On Saturday, May 15th at 11 AM Eastern Time, the Cambridge (i.e. Harvard/MIT) chapter of the Platypus Affiliated Society is hosting an online panel discussion on “The Politics of Critical Theory”.

Zoom link here: https://zoom.us/j/91211815231

Back in the autumn of 2010, the New Left Review published a translated conversation between the critical theorists Theodor Adorno and Max Horkheimer causing more than a few murmurs and gasps. In the course of their conversation, Adorno comments that he had always wanted to “develop a theory that remains faithful to Marx, Engels and Lenin, while keeping up with culture at its most advanced.” Adorno, it seems, was a Leninist. As surprising as this evidence might have been to some, is it not more shocking that Adorno’s politics, and the politics of Critical Theory, have remained taboo for so long?
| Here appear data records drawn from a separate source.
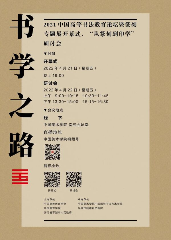 为贯彻落实党的十九届六中全会精神,深入学习习近平总书记关于文化文艺工作的重要论述,进一步弘扬陆维钊先生的艺术精神和教育理念,中国高等教育学会、中国美术学院、浙江省平湖市人民政府将共同主办“书学之路——第四届中国高等书法教育论坛”,论坛依托“中国高等书法教育成果系列之篆刻专题展”、“从篆刻到印学”研讨会,构建书法专业教育实践和创作展示交流的平台,展现近年来书法专业学科建设和教育成果。
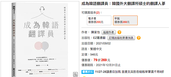 這段「竹子扎根哲學」出自韓語譯者陳佳怡今年9月出版的《成為韓語翻譯員:韓國外大翻譯所碩士的翻譯人蔘》(嗯,書名真的是「人蔘」,而不是「人生」或「人森」喔哈哈)。陳佳怡大學原是法語系,後轉至英語系,大學時期發現韓文字長相可愛,便一頭栽進韓語學習的世界,夢想成為韓語翻譯員,並先後申請到韓國的大學交換、唸過語學堂,而後決定到韓國攻讀翻譯所。
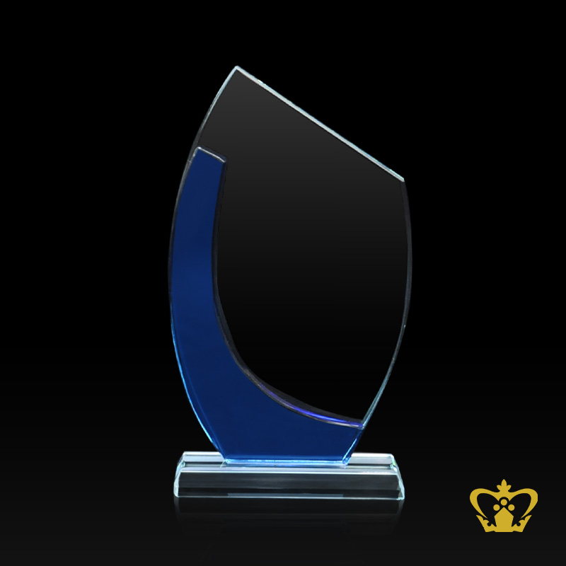 Shield-trophy-wave-cut-with-blue-crystal-and-clear-base-customized-logo-text Product Product Product

Was it really necessary to wait until Adorno and Horkheimer admitted their politics in print to understand that their primary preoccupation was with maintaining Marxism’s relation to bourgeois critical philosophy (Kant and Hegel)? This panel proposes to state the question as directly as possible and to simply ask: How did the practice and theory of Marxism, from Marx to Lenin, make possible and necessary the politics of Critical Theory?

Panelists:
Paul Breines (Professor Emeritus of History at Boston College)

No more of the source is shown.